E lá vou eu de novo, me enfiar no túnel enevoado do tempo, onde estão guardadas as memórias dos melhores dias de minha existência, como um viciado incorrigível. Que fazer, se é minha sina escrever sobre o passado.
Dizem alguns incautos que quem vive de passado é museu! Pois, então que seja! Devo ser um museu ambulante e sou orgulhoso se o sê-lo, pois que fazer se tudo isso é inerente ao meu ser, ao meu espírito, à minha alma?
Digo-vos que gosto muitíssimo de tudo isso, pois me aquece o coração, faz minha alma leve…
Lembro daqueles dias, os quais trago vivos na memória, imagens nítidas de quando ainda no bairro dos Padovani as ruas eram todas de terra, e, eu juntamente com meus amigos, na época das nossas férias escolares, íamos de bicicleta pelas estradas do bairro do Paulino Galvão, e não raro topávamos com uma “boiada” sendo conduzida por Pedro Stefani, João Moreira e outros que o ajudavam no controle das reses.
Mais que depressa a gente largava encostada a bicicleta e subia num barranco para poder ver a boiada passar.
Os moradores do nosso bairro saiam às janelas para ver o que estava ocorrendo.
O lugar estratégico para nós crianças ficar a salvo dos bois, era um barranco que ficava no quintal do Luiz Ferro.
Os meus vizinhos de casa, Décio, Lézia e Dete, também corriam nas janelas, tal era o barulho que se fazia, quando misturava o mugido dos gados, os gritos dos peões e a gritaria da criançada que curiosos acompanhavam o gado até sumir na estrada.

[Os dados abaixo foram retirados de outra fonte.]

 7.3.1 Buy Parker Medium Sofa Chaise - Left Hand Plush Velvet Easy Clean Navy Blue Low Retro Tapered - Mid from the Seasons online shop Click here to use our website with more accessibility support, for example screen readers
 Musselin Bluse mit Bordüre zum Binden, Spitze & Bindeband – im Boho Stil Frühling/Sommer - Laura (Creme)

A casa em que eu morava, ficava na rua Castro Alves, era a de número 40. Tinha um quintal enorme que para um menino da minha idade, era uma imensidão para ser explorado. Tinha uma horta e pomar, enormes e bem cuidados por todos da família. Até mesmo uma parreira de uvas brancas e também rosadas, que carregava de cachos nesta época do ano.
Quando caia a noite, já cansado das traquinagens do dia, o meu programa preferido, era ir assistir “A praça é nossa” na casa do meu inseparável amigo Cláudio Castro, filho do Zé Castro que tinha um bar na esquina vizinha da sua casa. Quando eles saiam para algum compromisso, eu corria para a casa da Dona Judite do Sr. Oscar. E assim, menino, eu alternava de casa em casa para poder ter alguma fonte de divertimento, pois na minha casa somente tínhamos o rádio.

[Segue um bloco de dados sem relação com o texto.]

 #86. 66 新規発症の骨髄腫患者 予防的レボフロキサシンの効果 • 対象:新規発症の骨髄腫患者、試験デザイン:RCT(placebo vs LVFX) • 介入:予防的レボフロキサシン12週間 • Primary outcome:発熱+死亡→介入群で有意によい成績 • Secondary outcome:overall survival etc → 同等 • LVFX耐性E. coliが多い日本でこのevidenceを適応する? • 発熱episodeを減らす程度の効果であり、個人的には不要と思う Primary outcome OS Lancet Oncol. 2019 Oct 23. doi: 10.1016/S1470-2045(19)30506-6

Tinha um amigo nosso, que a gente chamava ele de “Chiquinho do Isaias” que muito criativo, nos proporcionava algum lazer, com um “cineminha” tosco, mas muito original, no qual com muita paciência ele recortava figuras de velhos gibis e colava num pano branco e acendia uma vela para iluminar as figuras que ele ia passando bem devagar, dando movimento a elas para todos poderem ver, enquanto ele interpretava as falas dos personagens.
A plateia formada apenas por meninos em número de uns doze, era animada. As estórias eram quase sempre de terror ou cowboy e no final sempre era anunciado os próximos episódios do dia seguinte, e, os moleques, com os olhos brilhantes, se perdiam na fantasia dos próximos capítulos…
Infelizmente nosso amigo querido, o Chiquinho se foi muito cedo, assim como muitos que frequentavam o cineminha, como nosso querido João Castro, irmão do Cláudio.
Hoje tudo isso são apenas lembranças de um tempo em que dinheiro algum poderia jamais comprar os prazeres da boa convivência e imaginação sem limites que se possuía numa época de poucos recursos.
Vencidos pelo cansado das atividades do dia, dormíamos muito cedo, pois a noite era sagrada para o descanso, mas logo que o galo cantava pela manhã, éramos chamados para um novo dia, convidados para um novo sonho de criança!